A 15-year-old girl came to the department of Oral Medicine and Radiology with the chief complaint of a swelling on the left upper anterior teeth region. She gave a history of noticing a peanut sized, assymptomatic swelling 2 months back which was gradually growing. She also gave history of noticing mobility and dull pain in the teeth associated with the swelling. The patient consulted a dentist with the above complaint following which root canal treatment was done in two teeth related to the swelling. But when patient noticed further growth of swelling she reported to our department. There was no history of trauma or discharge from the swelling. Patient gave history of congenitally missing lateral incisors.
There was no significant past medical history, family history, or personal history. On general examination she was moderately built and nourished, alert, responsive, and cooperative. Vital signs were all within the normal range with no signs of pallor, cyanosis, icterus, clubbing, and edema.

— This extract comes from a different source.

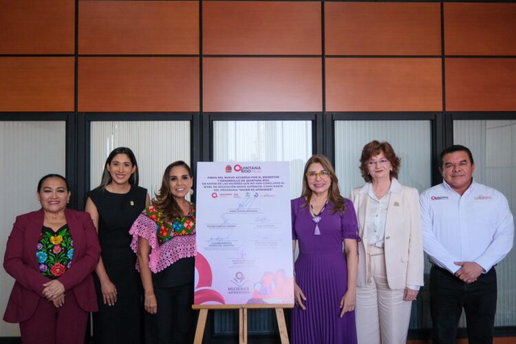 Mediante la firma del “Nuevo Acuerdo por el Bienestar y Desarrollo de Quintana Roo a Favor de la Educación Media Superior Dirigido a las Mujeres”, celebrada en Palacio Nacional, permitirá que 2 mil mujeres quintanarroenses, en una primera etapa, puedan acreditar el nivel bachillerato, también en lengua Maya, a través del programa Mujer Es Aprender, impulsado por la SEMUJERES.
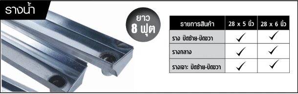 | รายการสินค้า | 25 x 5 นิ้ว | 30 x 5 นิ้ว | 32 x 5 นิ้ว | 28 x 6 นิ้ว | 30 x 6 นิ้ว |

Extraorally, a solitary ill-defined swelling was noticed unilaterally on the left side of the face in the region of ala of the nose. Swelling was roughly oval in shape, measuring approximately 2.5 cm in diameter, extending superoinferiorly from 0.5 cm above the ala of nose to the vermillion border of upper lip, mediolaterally 0.5 cm lateral to corner of mouth to the nasolabial fold, causing mild asymmetry of face. The skin over the swelling appeared normal. Swelling had caused the mild uplifting of the left ala of nose.
On palpation the swelling was bony hard, nontender, not compressible, and not reducible. Skin over swelling was pinchable and normal.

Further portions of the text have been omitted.